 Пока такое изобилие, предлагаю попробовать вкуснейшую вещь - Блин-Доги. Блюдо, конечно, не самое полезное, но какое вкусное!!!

---+---

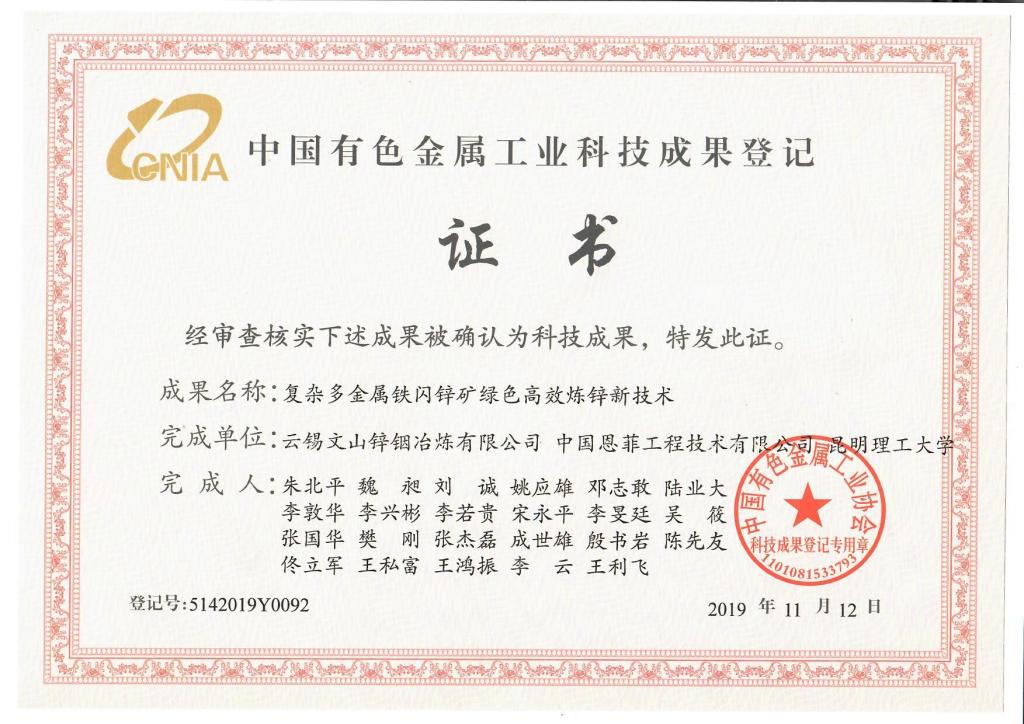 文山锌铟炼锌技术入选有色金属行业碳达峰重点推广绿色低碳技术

---+---

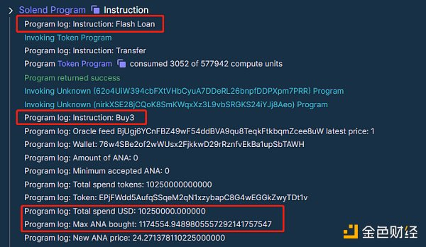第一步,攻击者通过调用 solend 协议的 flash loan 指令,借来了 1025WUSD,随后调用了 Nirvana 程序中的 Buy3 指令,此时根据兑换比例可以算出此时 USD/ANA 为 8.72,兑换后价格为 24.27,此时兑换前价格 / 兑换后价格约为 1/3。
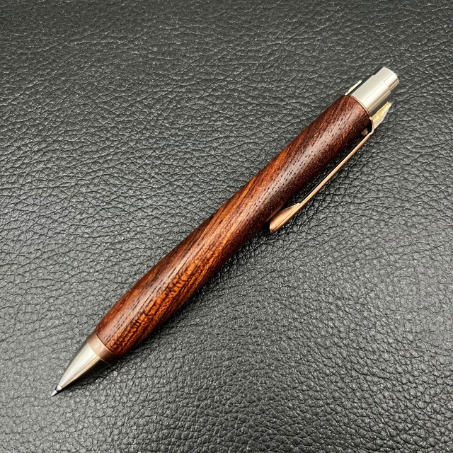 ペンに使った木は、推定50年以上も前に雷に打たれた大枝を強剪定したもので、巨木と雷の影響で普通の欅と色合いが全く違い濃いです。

---+---

| What to produce |
Beginning at the line that has "第一步,攻击者通过调用 solend 协议的" and ending at the line that has "ペンに使った木は、推定50年", restate the listing above word for word, pictures left out.

| Exercise answer |
第一步,攻击者通过调用 solend 协议的 flash loan 指令,借来了 1025WUSD,随后调用了 Nirvana 程序中的 Buy3 指令,此时根据兑换比例可以算出此时 USD/ANA 为 8.72,兑换后价格为 24.27,此时兑换前价格 / 兑换后价格约为 1/3。
 ペンに使った木は、推定50年以上も前に雷に打たれた大枝を強剪定したもので、巨木と雷の影響で普通の欅と色合いが全く違い濃いです。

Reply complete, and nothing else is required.